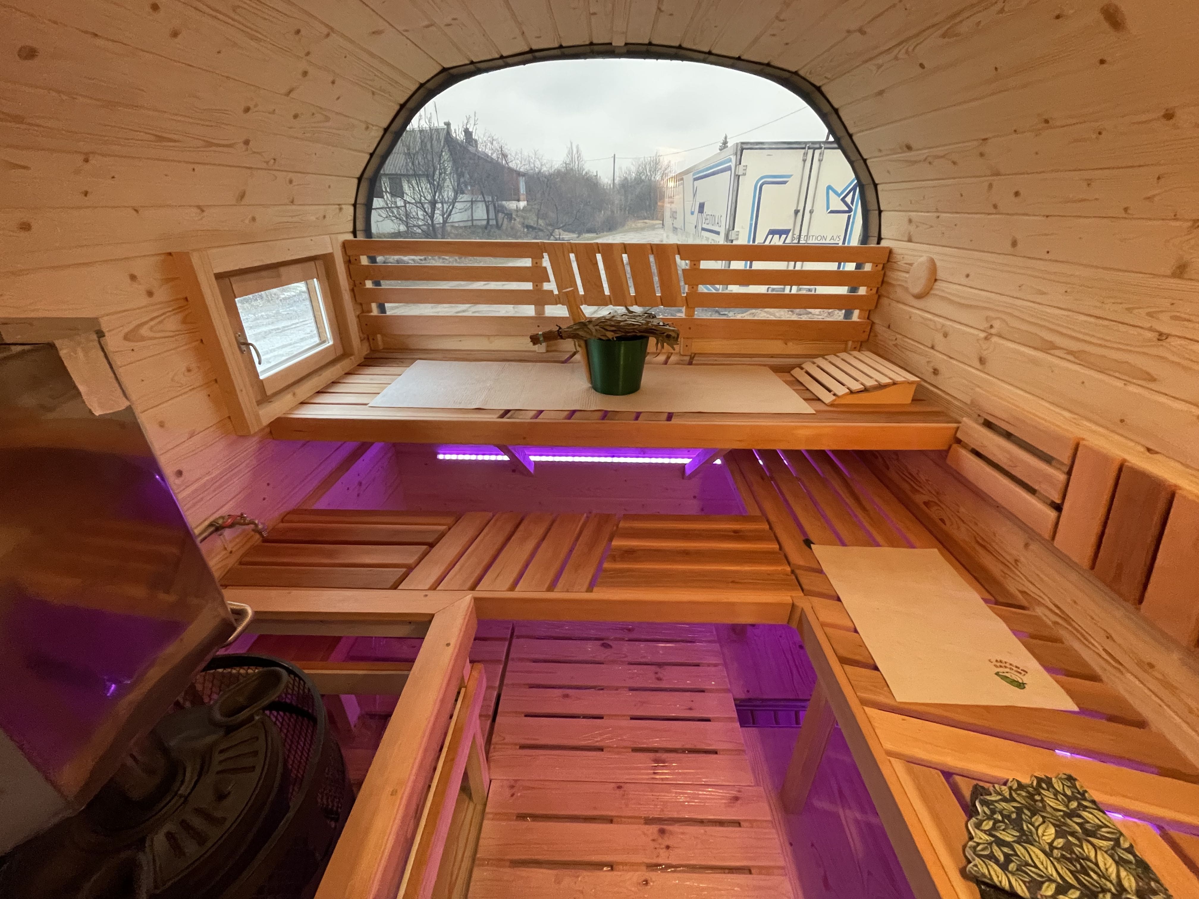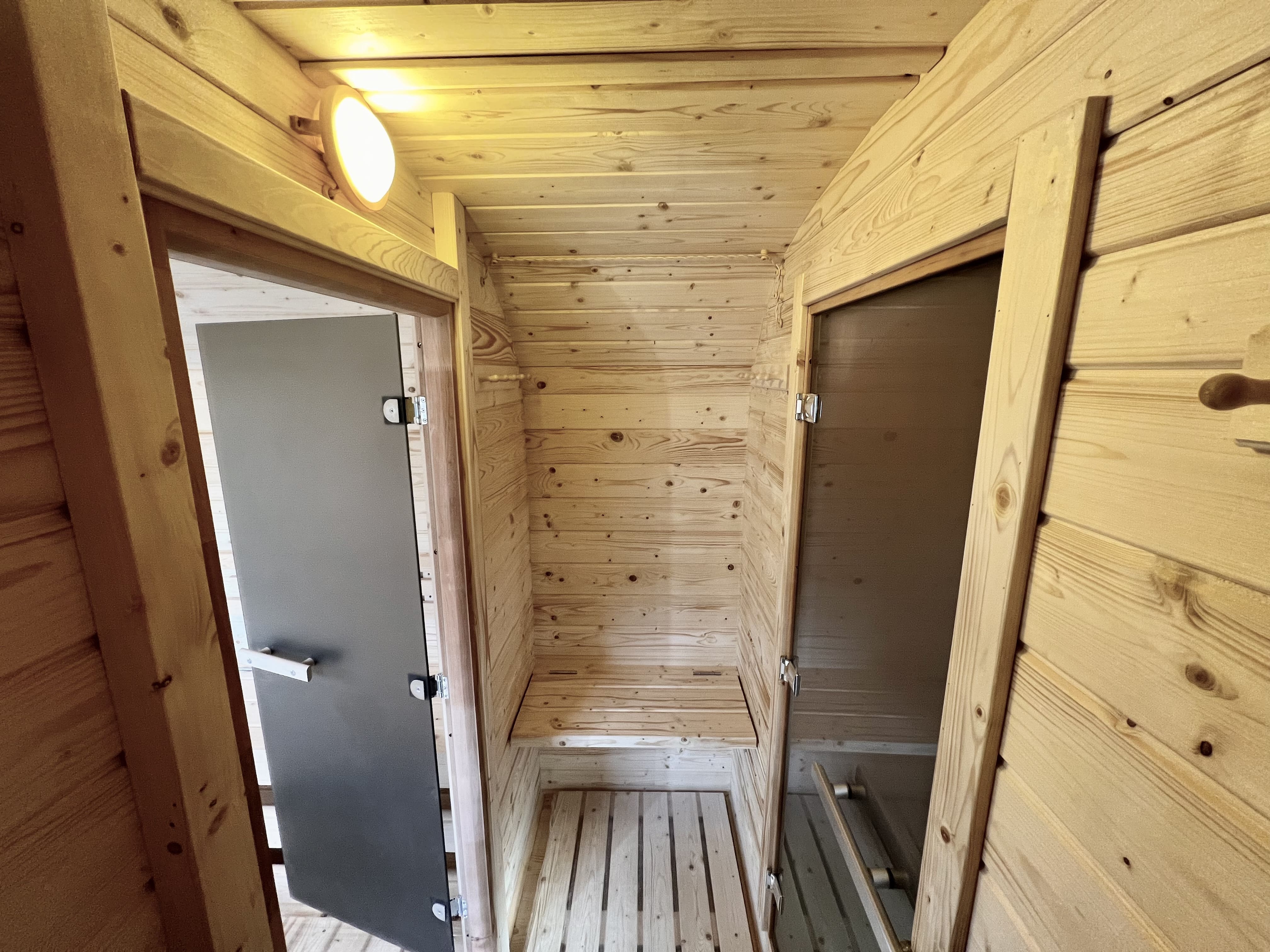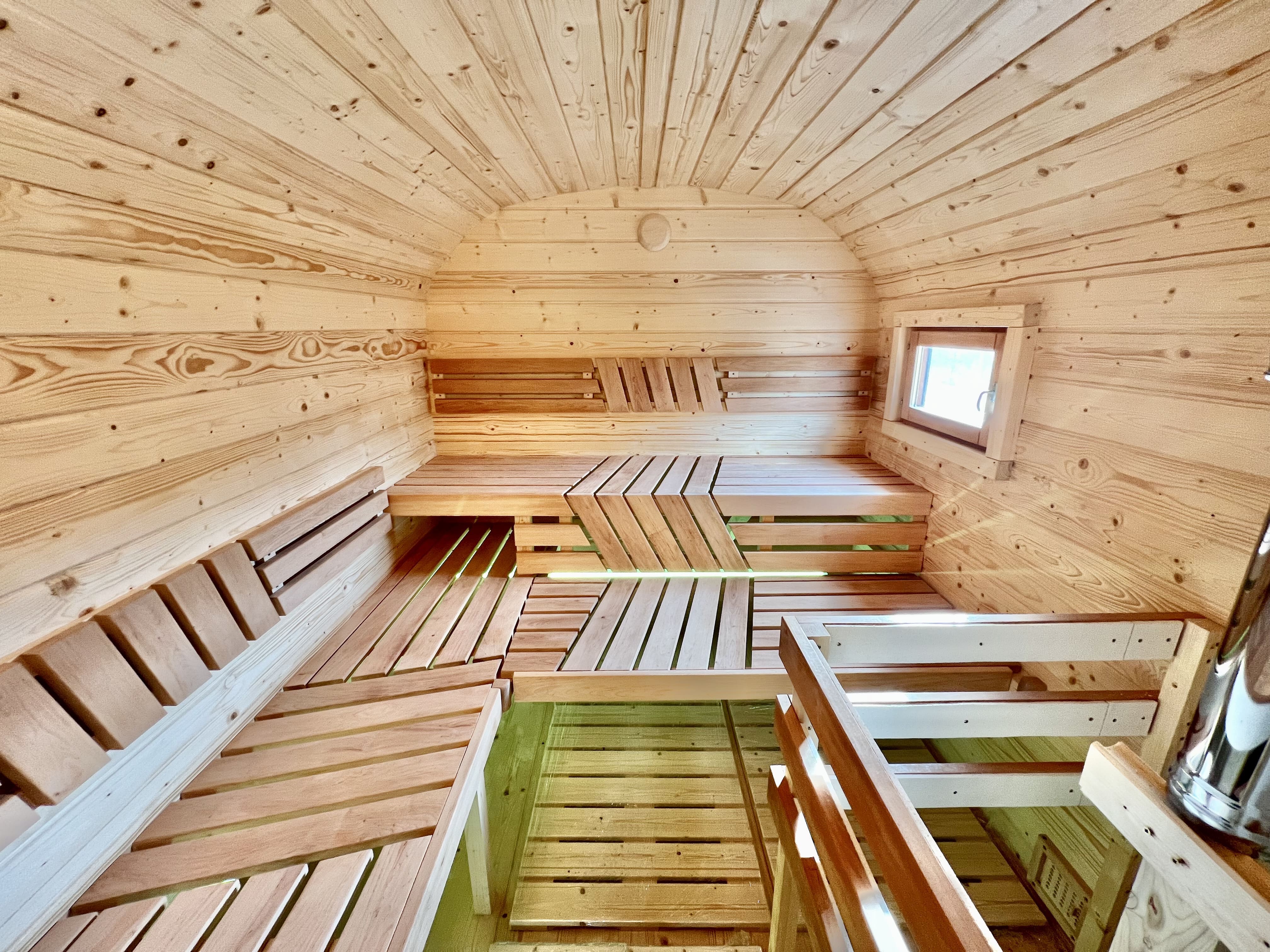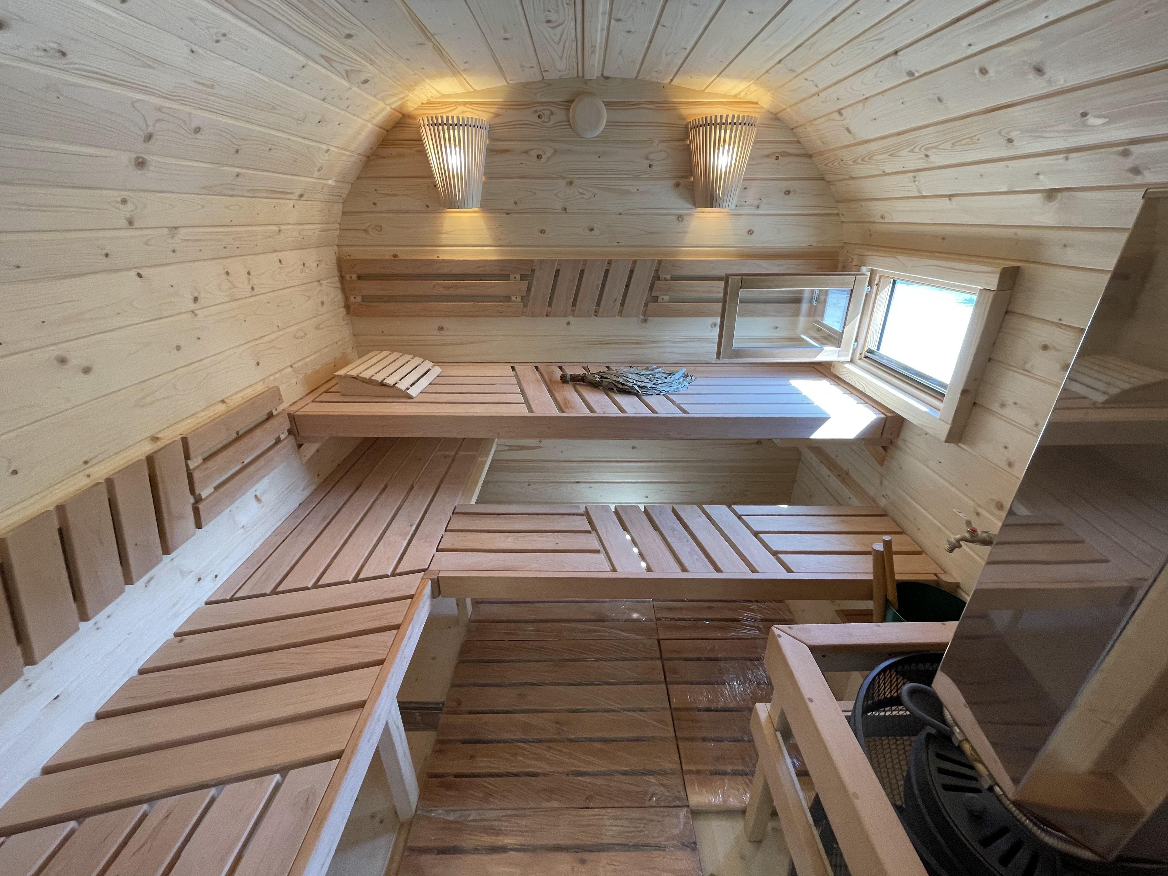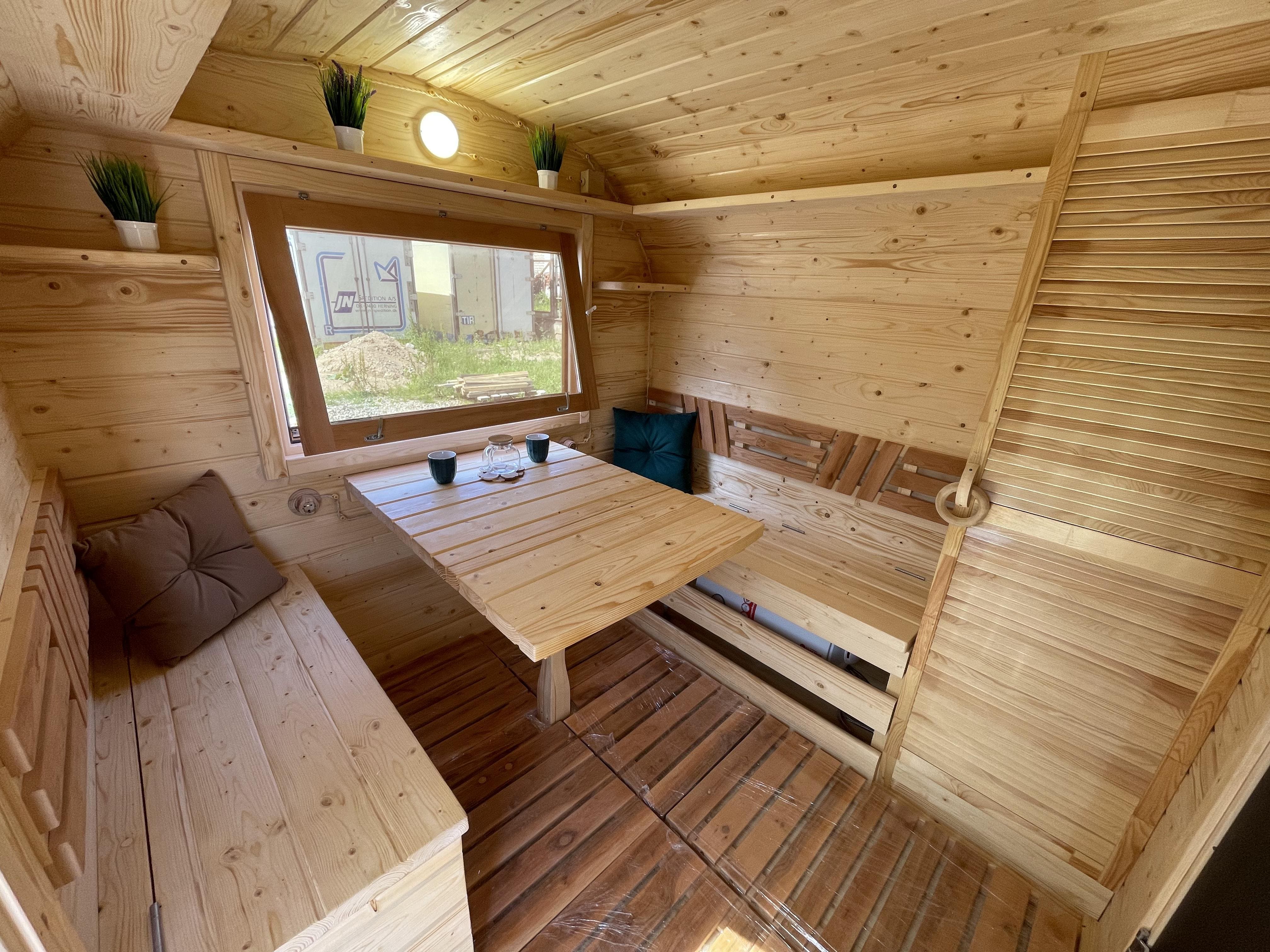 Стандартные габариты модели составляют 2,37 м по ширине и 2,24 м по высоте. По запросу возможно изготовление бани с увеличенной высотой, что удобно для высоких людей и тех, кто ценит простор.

▬▬▬▬▬▬▬▬▬▬

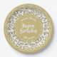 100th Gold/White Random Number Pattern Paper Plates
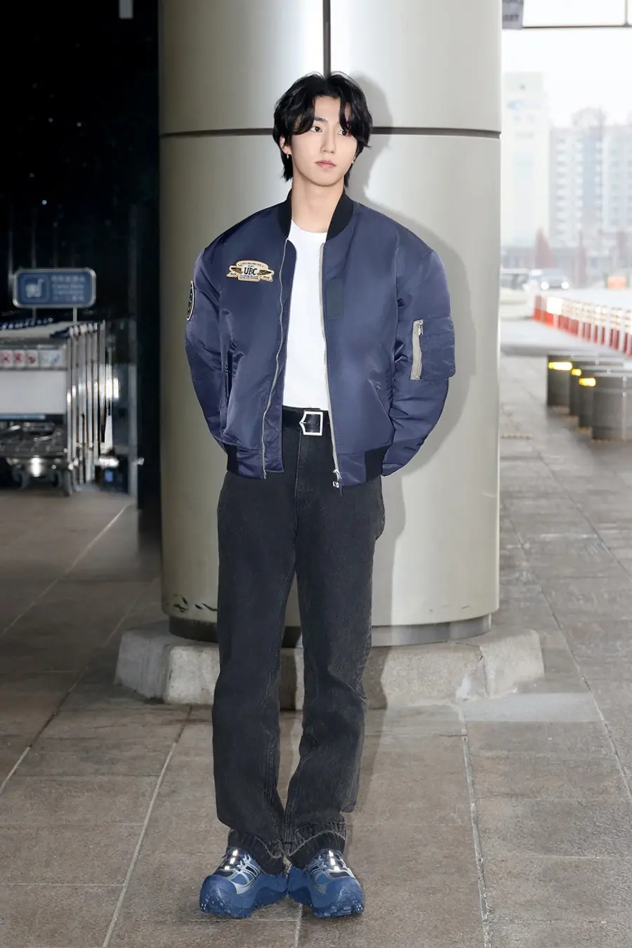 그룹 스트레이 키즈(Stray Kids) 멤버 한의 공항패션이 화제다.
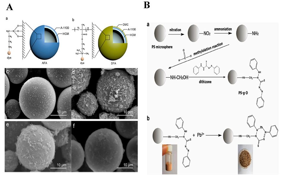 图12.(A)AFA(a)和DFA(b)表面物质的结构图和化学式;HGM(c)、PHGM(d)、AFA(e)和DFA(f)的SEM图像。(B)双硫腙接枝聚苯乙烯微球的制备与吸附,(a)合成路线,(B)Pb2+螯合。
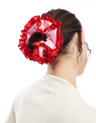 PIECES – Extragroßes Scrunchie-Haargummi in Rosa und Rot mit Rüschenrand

▬▬▬▬▬▬▬▬▬▬

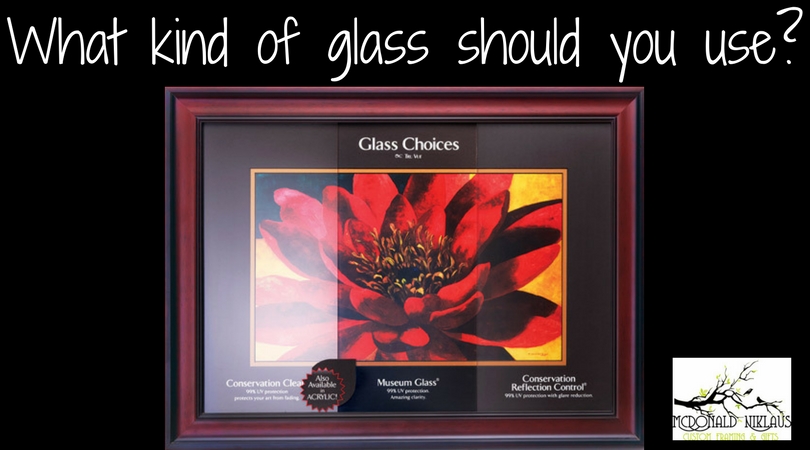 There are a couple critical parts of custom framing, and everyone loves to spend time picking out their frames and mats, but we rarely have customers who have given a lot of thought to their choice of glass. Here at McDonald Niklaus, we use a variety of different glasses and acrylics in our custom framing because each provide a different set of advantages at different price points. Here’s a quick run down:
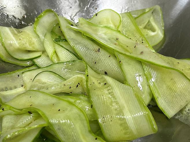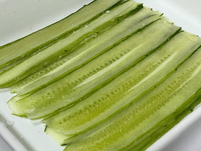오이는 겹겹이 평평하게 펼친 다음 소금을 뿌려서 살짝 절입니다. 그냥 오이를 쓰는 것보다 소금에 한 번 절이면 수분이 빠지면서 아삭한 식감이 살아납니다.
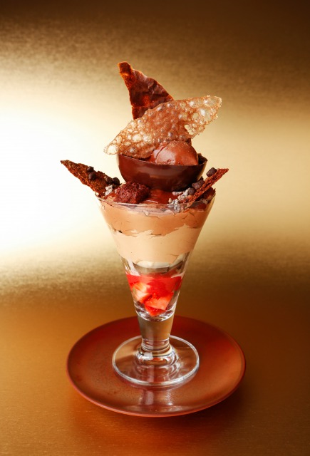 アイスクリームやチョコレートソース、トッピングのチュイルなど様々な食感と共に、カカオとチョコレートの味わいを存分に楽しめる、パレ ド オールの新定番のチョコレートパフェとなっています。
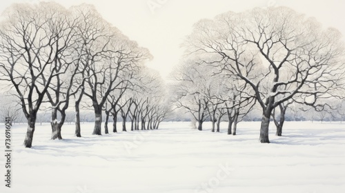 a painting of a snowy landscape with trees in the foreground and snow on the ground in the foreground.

▬▬▬▬▬▬▬▬▬▬

**THE TASK**
Print an exact copy of the lines above, from the one containing "100th Gold/White Random" through the one containing "PIECES – Extragroßes", and leave out the pictures.

**ANSWER TO THE EXERCISE**
 100th Gold/White Random Number Pattern Paper Plates
 그룹 스트레이 키즈(Stray Kids) 멤버 한의 공항패션이 화제다.
 图12.(A)AFA(a)和DFA(b)表面物质的结构图和化学式;HGM(c)、PHGM(d)、AFA(e)和DFA(f)的SEM图像。(B)双硫腙接枝聚苯乙烯微球的制备与吸附,(a)合成路线,(B)Pb2+螯合。
 PIECES – Extragroßes Scrunchie-Haargummi in Rosa und Rot mit Rüschenrand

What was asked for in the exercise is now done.